Dataset excerpt »
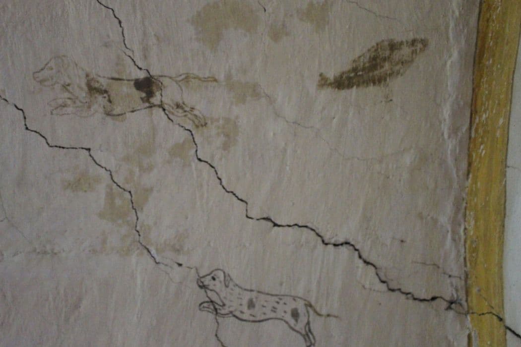 peinture monumentale décorative de la chambre voûtée (aile nord, 1er étage, salle nord), détail
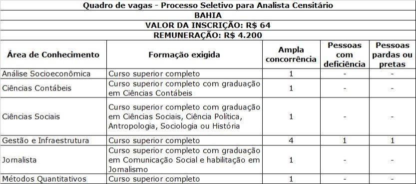 As vagas são para o cargo de Analista Censitário e exigem nível superior completo em diversas áreas de conhecimento, como Ciências Contábeis, Ciências Sociais e Jornalismo
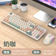 蝰蛇KM800机械手感游戏电竞键盘鼠标套装有线USB发光台式电脑笔记本家用办公LOL防水客制化 游戏键盘鼠标套装【奶咖色】

What is needed »
An exact transcript is required, covering the lines from the one containing "As vagas são" through the end of the listing above, inclusive, without pictures.

Your response »
 As vagas são para o cargo de Analista Censitário e exigem nível superior completo em diversas áreas de conhecimento, como Ciências Contábeis, Ciências Sociais e Jornalismo
 蝰蛇KM800机械手感游戏电竞键盘鼠标套装有线USB发光台式电脑笔记本家用办公LOL防水客制化 游戏键盘鼠标套装【奶咖色】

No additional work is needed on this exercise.